Artificial Intelligence (AI) has become a buzzword around the internet these days and means different things to different people. Before I explain how StackAdapt uses AI to optimize campaign performance, I want to clarify some terminology.
Machine Learning vs. Artificial Intelligence
As many of you may have noticed, the term Machine Learning (ML) tends to pop up whenever one reads about AI. Although ML and AI are used interchangeably, they don’t, technically, mean the same thing. AI, simply put, is a program that can perform tasks similar to humans. ML, however, is one of the many ways in which AI can be achieved. Although AI can be achieved using different means, ML is the most common means of achieving AI.
General AI vs. Narrow AI
AI can be further broken down into two areas: General AI and Narrow AI. Without jumping into technical and philosophical arguments, General AI is fundamentally a program that is able to learn and behave similarly to human intelligence. Science Fiction is littered with examples of General AI such as Skynet from the Terminator Series, Cortana from the Halo series, or Ultron from the Marvel Universe.

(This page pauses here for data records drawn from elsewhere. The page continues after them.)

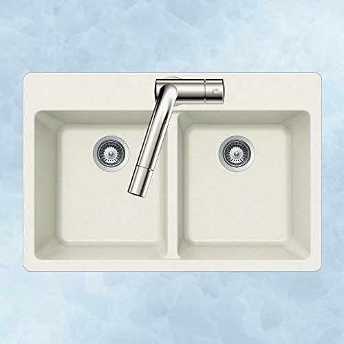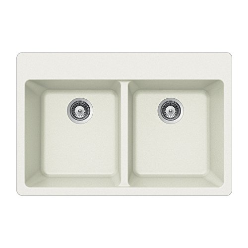 Houzer M-200 CLOUD Quartztone Series Granite Top Mount 50/50 Double Bowl Kitchen Sink, White
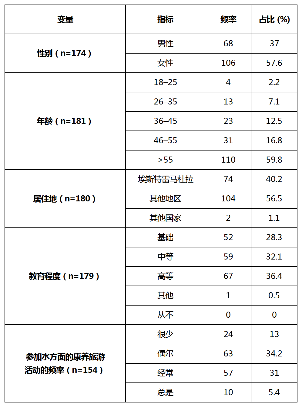 样本构成为37.0%的男性和57.6%的女性。这些前往该地区spa的游客中56.7%来自西班牙其他地区,中等年龄(59.8%超过55岁),教育水平较高(36.4%)。
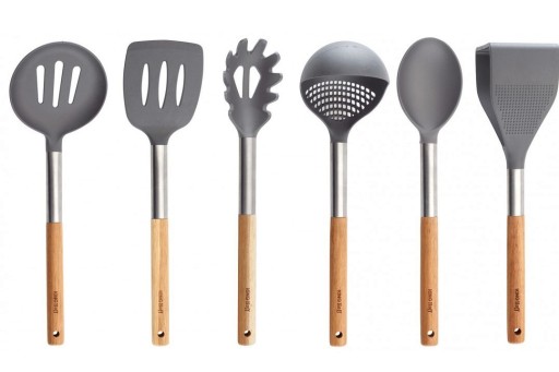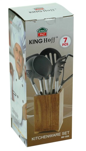 Komplet przyborów kuchennych z pojemnikiem drewnianym 7 elementów.
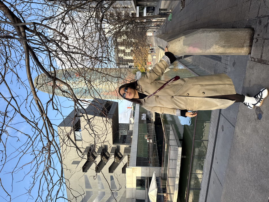 - "An outdoor, eye-level photograph captures a woman standing on a paved walkway in Plaça de les Glòries Catalanes, Barcelona, Spain" by FM-zzfgm1, licensed under CC BY 4.0
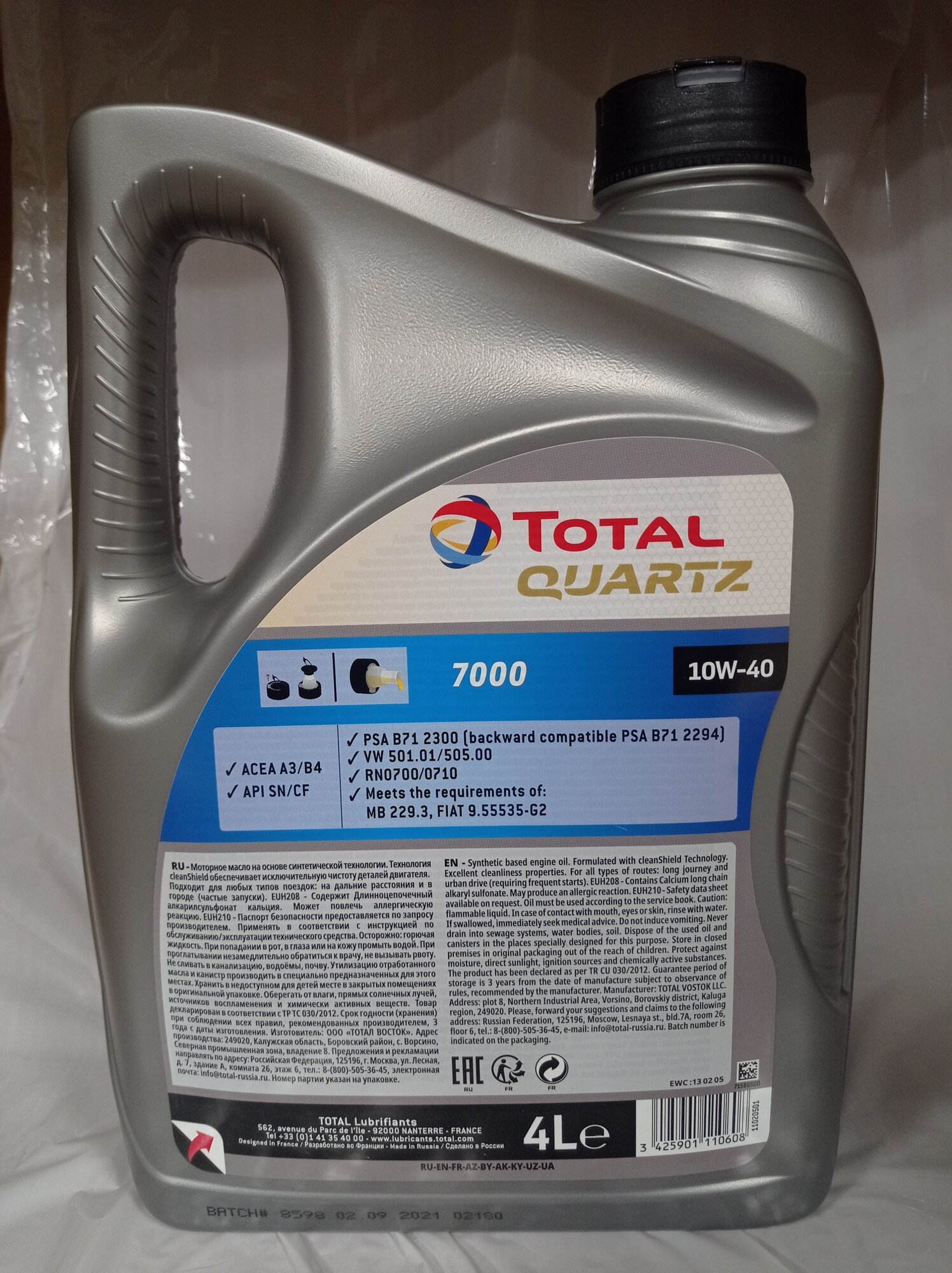Масло total quartz 10w40 7000/7000s api sn/cf 4л п/с 11020501/228840
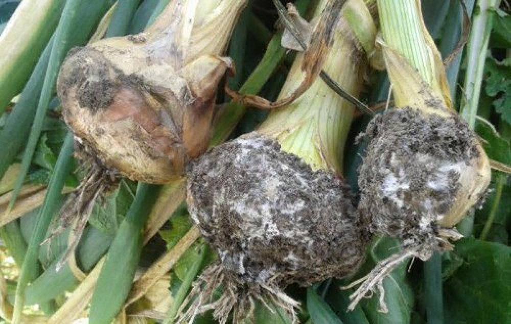 Первые признаки болезни включают пожелтение и отмирание листьев. Впоследствии отмирают корни, и растение погибает. На поверхности пораженной ткани появляется белый рыхлый налет грибницы, на котором образуются мелкие черные склероции гриба. Признаком заболевания является преждевременное отмирание листьев лука в конце вегетации, которое начинается с верхушки листа. На донышке луковицы появляется белый войлочный налет грибницы. Луковица становится мягкой, водянистой и загнивает. Заболевание продолжает развиваться в период зимнего хранения лука. Развитию болезни способствует повышенная температура почвы в период созревания лука, а также повреждение луковой мухой. Возбудитель долгое время может храниться в почве.
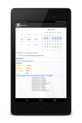 - Расчет точного возраста с определением дня недели грядущих дней рождений
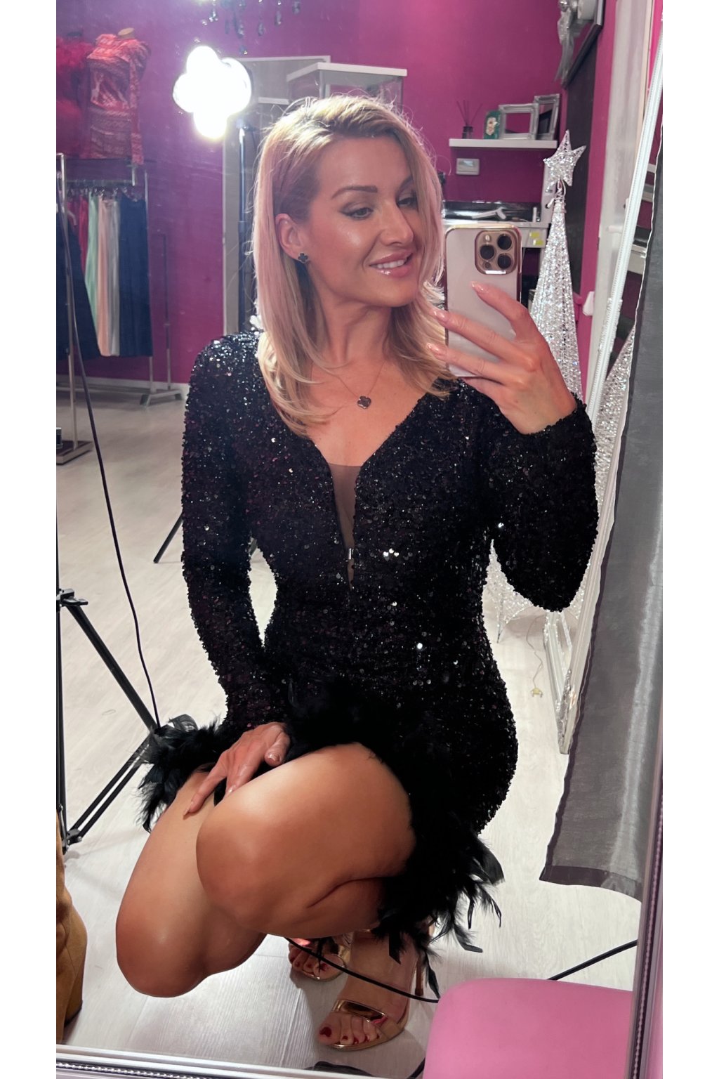 Mini šaty bohato zdobené flitrami po celej ploche vpredu aj vzadu okamžite upútajú pozornosť. Asymetrická mini sukňa zakončená jemnými pierkami dodáva modelu extravagantný a moderný vzhľad. Dlhý rukáv, tvarovaný výstrih vpredu aj vzadu a vnútorná výstuž zabezpečujú krásny tvar postavy aj maximálne pohodlie.
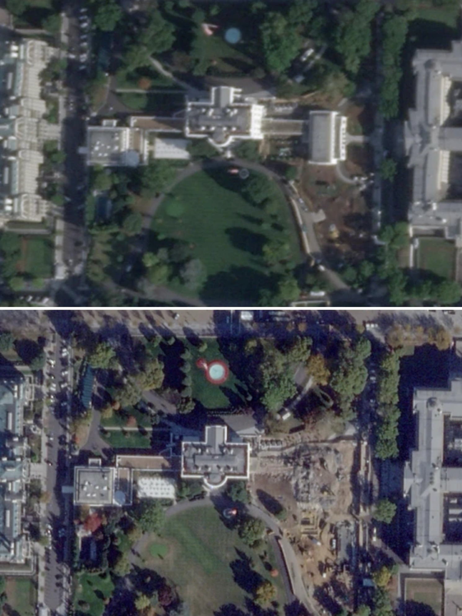美国白宫9月26日(上)与10月23日(下)的卫星照片对比。图片来源:央视新闻

On the other hand, Narrow AI is a program that is able to exhibit some parts of human intelligence but is specifically adept at a particular task. Examples of Narrow AI include image recognition, language translation, self-driving cars, etc. At StackAdapt we have built a Narrow AI using Machine Learning that is tasked with optimizing performance on our platform.
Having cleared up the terminology, let’s delve into how AI at StackAdapt actually works. There are three key aspects to this: capturing and storing the data, learning from data, and utilizing the learnings.
Gathering & Storing the Data
First of all, let’s start with how we gather the data. The data we use for learning purposes comes from requests we receive from partner exchanges, the bids we provide, and how users interact with impressions that are shown. With billions of requests, hundreds of millions of bids, and tens of millions of post-impression activities on a daily basis, we are able to capture vast amounts of data which are used by our ML models.
Learning From the Data
Next, during the learning phase, we use Machine Learning (ML) to derive insights from the captured data. The processing breaks down each individual data point into hundreds of features. Each feature represents an attribute describing the data point. For example, the domain of a site would be a feature, the category of the site would be another feature, the type of device would be another feature, and so on. Using the hundreds of features of each individual data point, and comparing against billions of other data points, our AI is able to derive patterns and learn what works in order to deliver the optimal campaign performance for our clients. The learning process looks at thousands of different combinations of features that yield to millions of permutations for each campaign in order to generate an optimal model that can be used to predict the impact of each feature on a client’s KPI.
Utilizing the Learnings
Lastly, the models generated in the learning phase are passed to our AI in order to make use of them in real-time. As each campaign prepares to bid, an optimal model is chosen which results in efficient utilization of their budget and of course, maximum performance. As the AI places more bids, it learns in real-time which strategy or model is able to best satisfy users’ KPIs and adapts accordingly.
We continually improve our AI by feeding intelligence back into the learning phase to create a continuous feedback loop. Our multi-faceted, and ever-learning AI is working behind the scenes in real-time to give you the most optimal performance while minimizing costs. I am glad we live in an age where optimization can be automated, we couldn’t have built this technology in any other generation.